EXERCISE PROMPT
Using the listing below, output only the lines from the one that contains "- Canon EOS" through the one that contains "Here, across Hanging", inclusive, exactly as given and without images.

RECORDS TO PROCESS
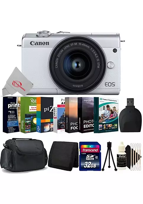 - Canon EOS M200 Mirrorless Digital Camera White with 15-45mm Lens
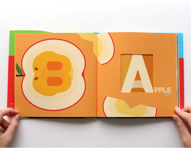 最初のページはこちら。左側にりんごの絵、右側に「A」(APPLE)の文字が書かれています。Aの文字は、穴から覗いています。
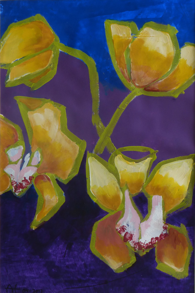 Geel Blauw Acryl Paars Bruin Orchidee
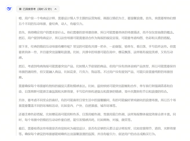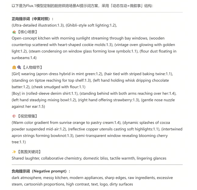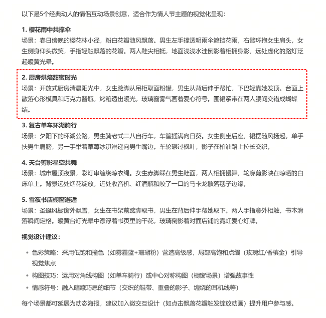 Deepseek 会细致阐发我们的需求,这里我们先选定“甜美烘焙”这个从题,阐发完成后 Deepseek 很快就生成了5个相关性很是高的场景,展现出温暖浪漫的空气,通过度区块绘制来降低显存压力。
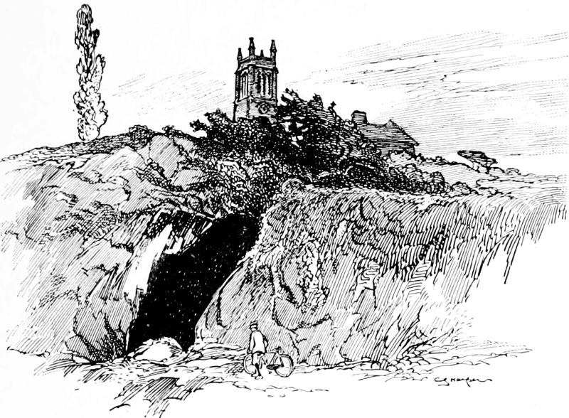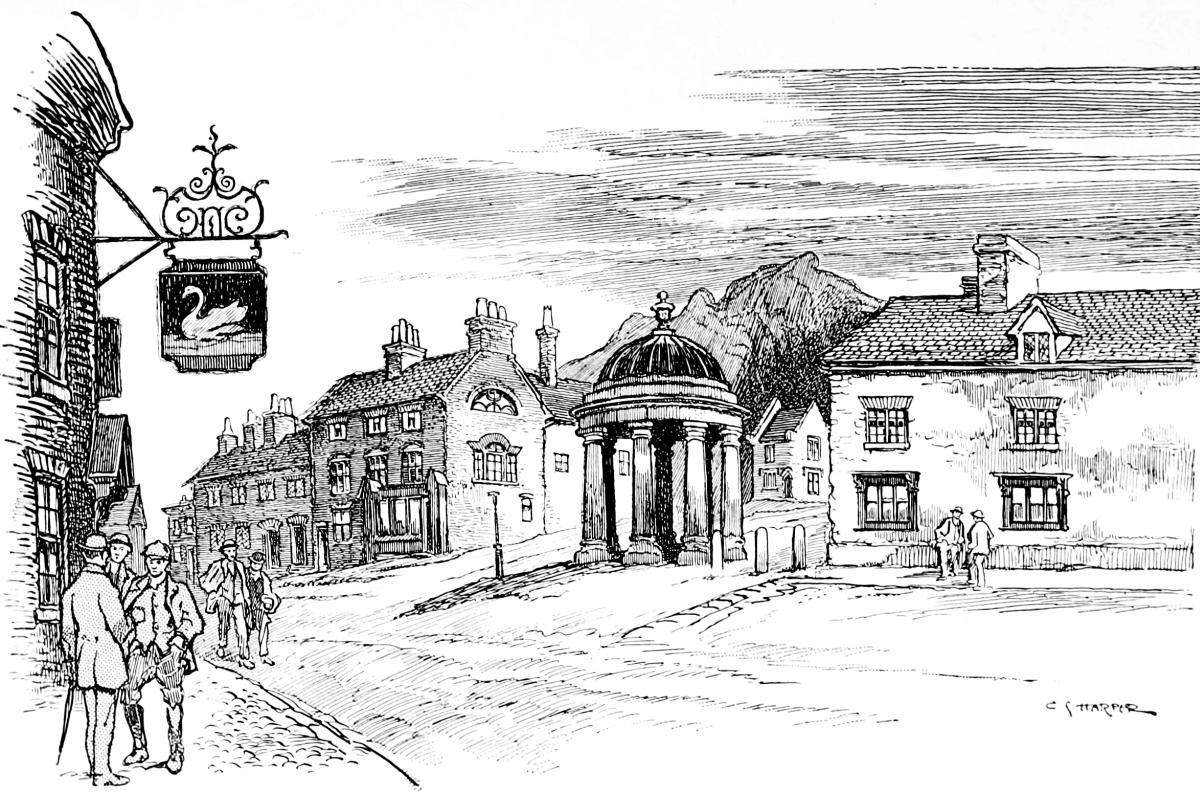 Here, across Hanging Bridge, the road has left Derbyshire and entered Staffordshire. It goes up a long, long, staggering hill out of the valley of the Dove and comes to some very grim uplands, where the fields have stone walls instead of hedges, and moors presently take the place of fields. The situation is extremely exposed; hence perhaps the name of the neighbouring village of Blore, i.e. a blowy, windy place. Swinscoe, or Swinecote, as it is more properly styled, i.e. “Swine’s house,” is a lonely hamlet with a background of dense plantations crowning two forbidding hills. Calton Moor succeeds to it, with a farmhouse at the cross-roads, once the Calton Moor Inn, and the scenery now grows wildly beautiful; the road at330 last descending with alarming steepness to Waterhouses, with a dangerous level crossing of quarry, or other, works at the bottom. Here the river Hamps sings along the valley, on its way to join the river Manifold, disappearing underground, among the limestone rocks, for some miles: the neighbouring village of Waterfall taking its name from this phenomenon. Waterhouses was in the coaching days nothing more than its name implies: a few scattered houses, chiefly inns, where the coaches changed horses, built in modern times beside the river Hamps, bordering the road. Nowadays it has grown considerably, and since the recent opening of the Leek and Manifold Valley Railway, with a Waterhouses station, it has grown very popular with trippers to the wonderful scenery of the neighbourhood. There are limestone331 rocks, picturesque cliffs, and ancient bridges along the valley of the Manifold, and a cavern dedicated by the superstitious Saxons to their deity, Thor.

==

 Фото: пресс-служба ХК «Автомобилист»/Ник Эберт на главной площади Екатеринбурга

EXERCISE ANSWER
 - Canon EOS M200 Mirrorless Digital Camera White with 15-45mm Lens
 最初のページはこちら。左側にりんごの絵、右側に「A」(APPLE)の文字が書かれています。Aの文字は、穴から覗いています。
 Geel Blauw Acryl Paars Bruin Orchidee
 Deepseek 会细致阐发我们的需求,这里我们先选定“甜美烘焙”这个从题,阐发完成后 Deepseek 很快就生成了5个相关性很是高的场景,展现出温暖浪漫的空气,通过度区块绘制来降低显存压力。
 Here, across Hanging Bridge, the road has left Derbyshire and entered Staffordshire. It goes up a long, long, staggering hill out of the valley of the Dove and comes to some very grim uplands, where the fields have stone walls instead of hedges, and moors presently take the place of fields. The situation is extremely exposed; hence perhaps the name of the neighbouring village of Blore, i.e. a blowy, windy place. Swinscoe, or Swinecote, as it is more properly styled, i.e. “Swine’s house,” is a lonely hamlet with a background of dense plantations crowning two forbidding hills. Calton Moor succeeds to it, with a farmhouse at the cross-roads, once the Calton Moor Inn, and the scenery now grows wildly beautiful; the road at330 last descending with alarming steepness to Waterhouses, with a dangerous level crossing of quarry, or other, works at the bottom. Here the river Hamps sings along the valley, on its way to join the river Manifold, disappearing underground, among the limestone rocks, for some miles: the neighbouring village of Waterfall taking its name from this phenomenon. Waterhouses was in the coaching days nothing more than its name implies: a few scattered houses, chiefly inns, where the coaches changed horses, built in modern times beside the river Hamps, bordering the road. Nowadays it has grown considerably, and since the recent opening of the Leek and Manifold Valley Railway, with a Waterhouses station, it has grown very popular with trippers to the wonderful scenery of the neighbourhood. There are limestone331 rocks, picturesque cliffs, and ancient bridges along the valley of the Manifold, and a cavern dedicated by the superstitious Saxons to their deity, Thor.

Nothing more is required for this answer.